WATCH | It's just not Kif: SA band calls for boycott of SABC over royalties
The boycott of SABC radio by South African band The Kiffness over outstanding royalties boiled over on Saturday morning, when a 5FM DJ abruptly stopped a song by the group during a live broadcast.
That's according to a tweet on Saturday afternoon by The Kiffness frontman David Scott, who says he is owed close to R100,000 in needle-time royalties from the public broadcaster.
Scott started a petition in September, calling for South African musicians to put pressure on the SABC to pay the royalties owed to them.
The broadcaster, with its 18 radio stations, including 5FM, Metro FM and Ukhozi FM, confirmed it owed about R250m in royalties to local musicians. The cash-strapped organisation has not paid royalties since 2015.
For the 2018/2019 financial year, the SABC reported yet another year of losses, in the region of R500m. The government had to step in, granting it a R3.2bn bailout in September to rescue the broadcaster and settle some of its debts.
Pfanani Lishivha, CEO of one of the country's royalty collection bodies, the SA Music Performance Rights Association (Sampra), has supported Scott and his petition, saying: “What Scott is doing is correct, because it is part of our members rising up.”
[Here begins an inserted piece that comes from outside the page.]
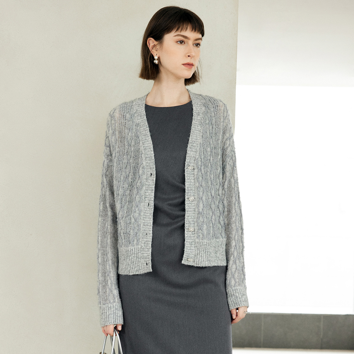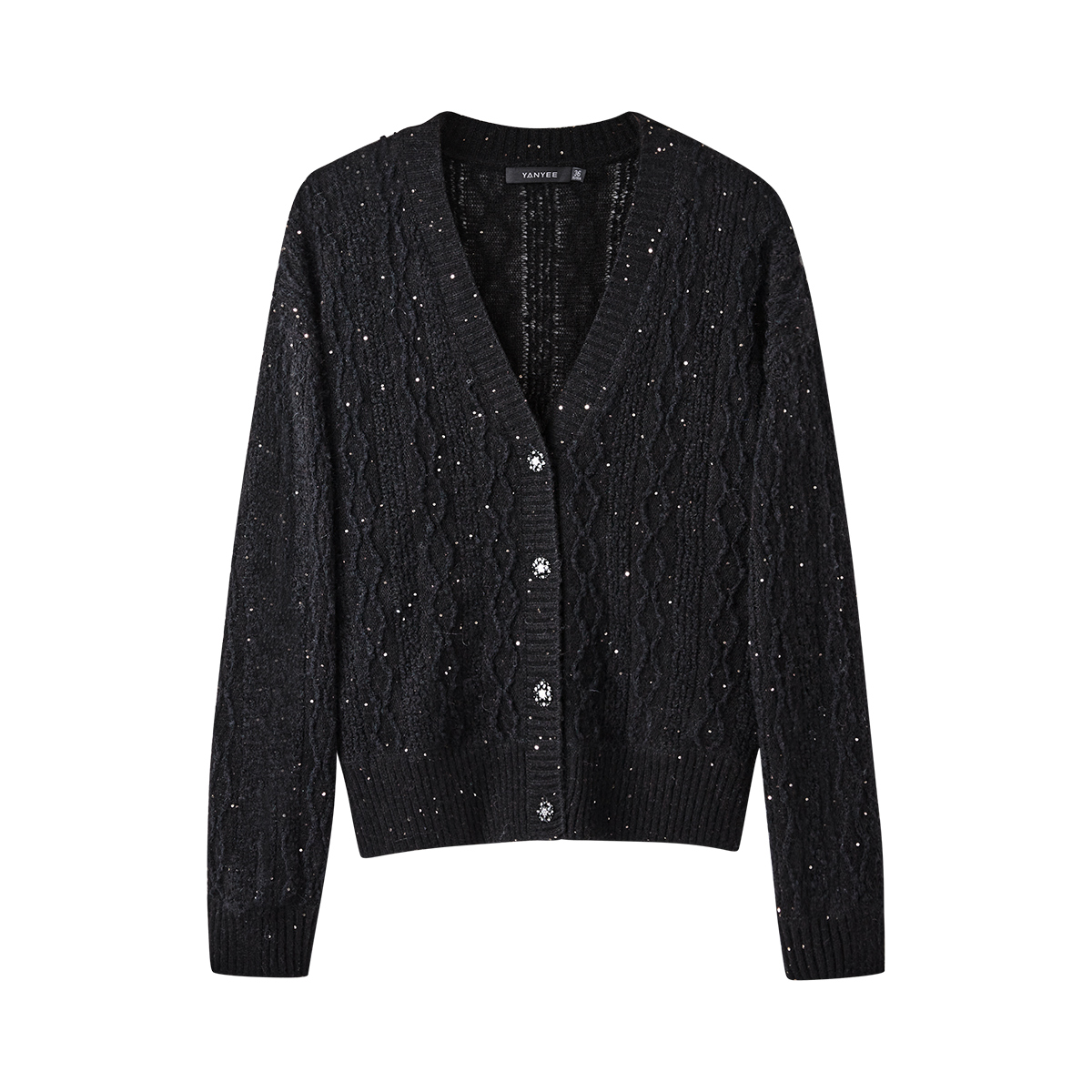 颜域绵羊毛黑色针织衫女士2025新款秋季时尚外套细闪开衫V领上衣

Lishivha said Sampra, which represents an estimated 20,000 South African musicians, is owed R100m in royalties by the SABC.
“All the other broadcasters, commercial broadcasters, in the country have been paying us. It's only the SABC who haven't paid. Maybe the SABC should stop using our members' music and let's see how they'll survive,” said Lishivha.
The SABC brought in R1.6bn in advertising revenue in the 2018/2019 financial year. Without SA music, which contributes to 79% of music played on its radio stations, that revenue could be severely affected.
“I'm making a stand,” said Scott in a video interview with TimesLIVE. “Other musicians are starting to see that this money also belongs to them. It's time we band together and say to the SABC, 'without us, you don't exist'.”
SABC spokesperson Vuyo Mthembu said it is well known that the SABC has undergone a period of financial difficulty. “This financial difficulty affected the organisation to maintain payments to suppliers and content providers,” she said.
“The SABC does have a payment plan in place to address these and other outstanding debts. The first portion of government funding ... which has been received, will be utilised accordingly and the settling of outstanding payments remains a priority for the organisation. There is a payment plan in place to deal with outstanding debts owed to suppliers, content producers and royalties stakeholders.”
No dates have been given as to when royalty agencies and musicians will be paid by the broadcaster.
Scott, meanwhile, said he will continue to boycott the SABC until it pays the outstanding royalties and is calling on more musicians to join him.
“I've made the call: I won't send my new stuff to 5FM or any SABC stations,” he said.
“It’s sad, because I like the DJs at 5FM and want to maintain my relationship with them, but it’s not their fault, it’s their bosses fault. If people aren't paying me for my worth, I'll go to the next place.”